MATERIAL PROVIDED

----------

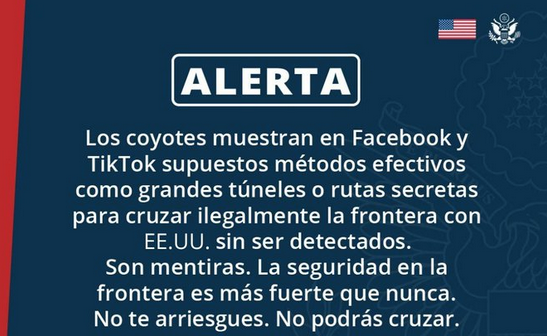 «ALERTA: Están circulando videos en Facebook y TikTok donde traficantes promocionan supuestos métodos efectivos para cruzar la frontera sin ser detectados, como túneles elaborados o rutas por donde aseguran que se puede pasar sin ser visto», advirtió la oficina diplomática.
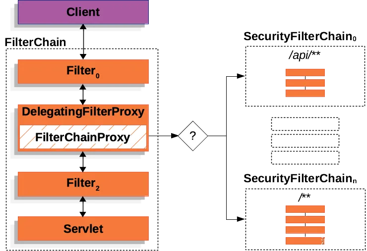 Spring Security 的 Servlet 支持包含在FilterChainProxy。FilterChainProxy是 Spring Security 提供的特殊功能Filter,允许Filter通过 委托给许多实例SecurityFilterChain。由于FilterChainProxy是一个 Bean,因此它通常包装在DelegatingFilterProxy中。
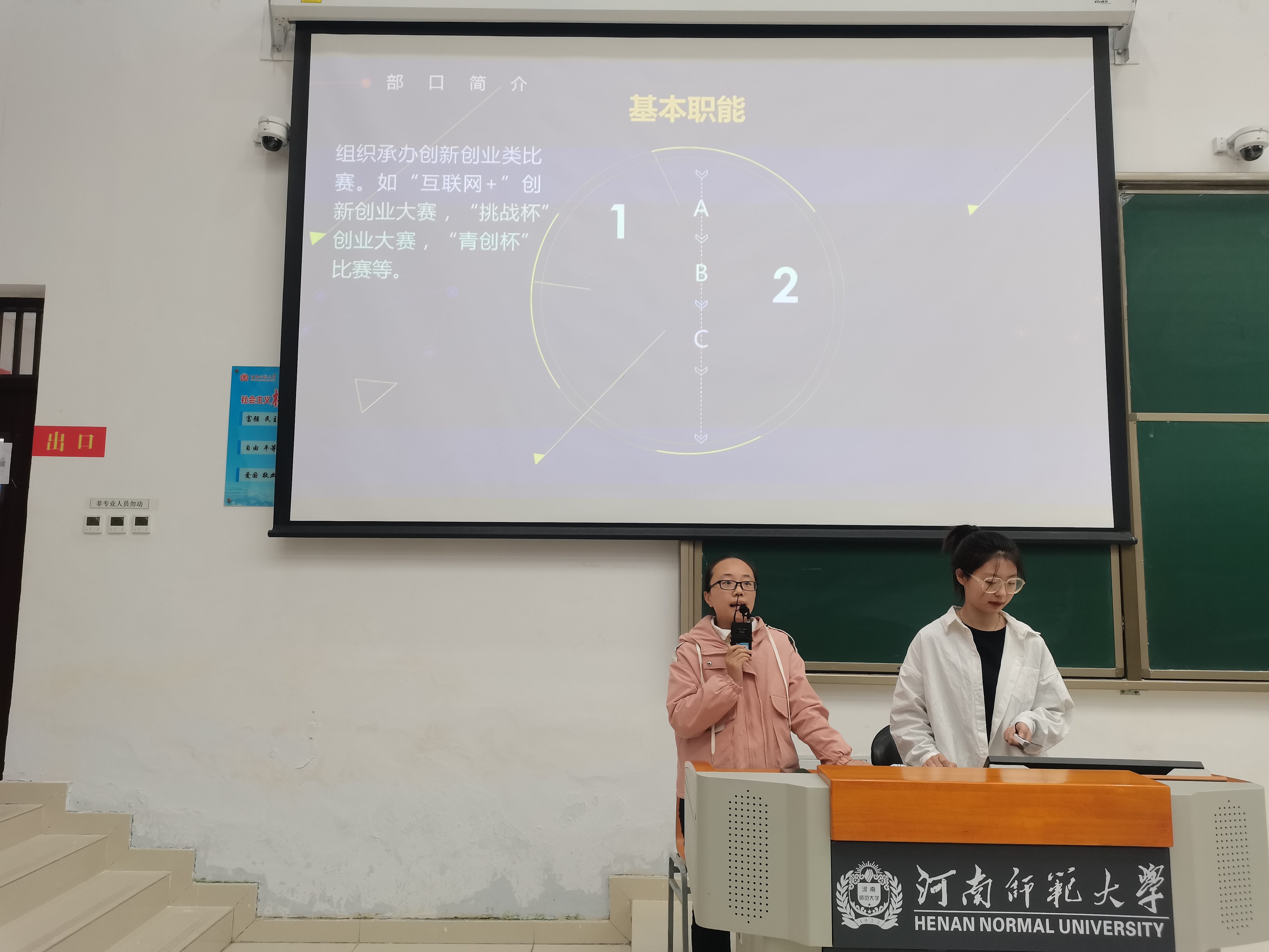 10月17日上午,商学院于文昌楼102教室举行2021年团委、学生会及院社联部口推介大会。2020级辅导员郑园园,团委、学生会及院社联全体学生干部及2021级新生参加本次大会。
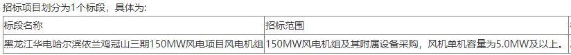 【黑龙江华电哈尔滨依兰鸡冠山三期150MW风电项目风电机组】

----------

INSTRUCTIONS FOR THE TASK
Each line above should be output exactly, apart from the pictures.

REPLY
 «ALERTA: Están circulando videos en Facebook y TikTok donde traficantes promocionan supuestos métodos efectivos para cruzar la frontera sin ser detectados, como túneles elaborados o rutas por donde aseguran que se puede pasar sin ser visto», advirtió la oficina diplomática.
 Spring Security 的 Servlet 支持包含在FilterChainProxy。FilterChainProxy是 Spring Security 提供的特殊功能Filter,允许Filter通过 委托给许多实例SecurityFilterChain。由于FilterChainProxy是一个 Bean,因此它通常包装在DelegatingFilterProxy中。
 10月17日上午,商学院于文昌楼102教室举行2021年团委、学生会及院社联部口推介大会。2020级辅导员郑园园,团委、学生会及院社联全体学生干部及2021级新生参加本次大会。
 【黑龙江华电哈尔滨依兰鸡冠山三期150MW风电项目风电机组】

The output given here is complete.